The overall algorithm for scikit-learn (sklearn) is:
0. Load Libraries
1. Load data
2. Split Data: use `train_test_split()`
3. Create a classifier/regressor object
4. Call `fit()` (to train the model)
5. Call `predict()` to get the predictions
6. Call a metric function to measure performance

In the cell below, we do steps 0-2:

In [None]:
# Mount your drive
from google.colab import drive
drive.mount('/content/drive')



In [None]:
#classic scikit-learn algorithm

#0. import libraries
import sklearn
import pandas
from sklearn import tree
from sklearn.model_selection import train_test_split
from sklearn import metrics
from sklearn import neighbors

#1. load data
iris_data = pandas.read_csv('/content/drive/MyDrive/CS167Fall22/Datasets/irisData.csv')

#2. split data
predictors = ['sepal length', 'sepal width','petal length', 'petal width']
target = "species"
train_data, test_data, train_sln, test_sln = \
        train_test_split(iris_data[predictors], iris_data[target], test_size = 0.2, random_state=41)

In [None]:
#3. Create classifier/regressor object (change these parameters for Exercise #1)
dt = tree.DecisionTreeClassifier(random_state = 0)

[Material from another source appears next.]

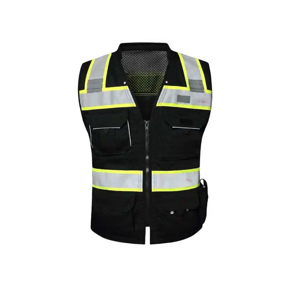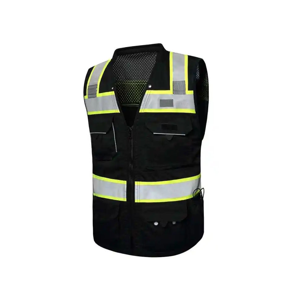 เสื้อกั๊กก่อสร้างสะท้อนแสงสำหรับผู้ชายเสื้อใส่ทำงานสำหรับวิศวกรเสื้อแจ็กเกตแบบออกแบบโลโก้ได้ตามที่ต้องการ

#4. Call fit (to train the classification/regression model)
dt.fit(train_data,train_sln)

#5. Call predict to generate predictions
iris_predictions = dt.predict(test_data)

#6. Call a metric function to measure performance
print("Accuracy:", metrics.accuracy_score(test_sln,iris_predictions))

print("-------------------------------------------------------")
#print out a confusion matrix
iris_labels= ["Iris-setosa", "Iris-versicolor","Iris-virginica"]
conf_mat = metrics.confusion_matrix(test_sln, iris_predictions, labels=iris_labels)
print(pandas.DataFrame(conf_mat,index = iris_labels, columns = iris_labels))

Accuracy: 0.9
-------------------------------------------------------
                 Iris-setosa  Iris-versicolor  Iris-virginica
Iris-setosa                9                0               0
Iris-versicolor            0               10               1
Iris-virginica             0                2               8


## Exercise #1A
Check out the scikit-learn documentation [here](https://scikit-learn.org/stable/modules/generated/sklearn.neighbors.KNeighborsClassifier.html?highlight=neighbors#sklearn.neighbors.KNeighborsClassifier):

Find the documentation for the kNN classifier (i.e., the classifier, not an unsupervised algorithm). Answer the following questions:
- What is the default value of k it uses?
- Does it do weighted or unweighted kNN by default?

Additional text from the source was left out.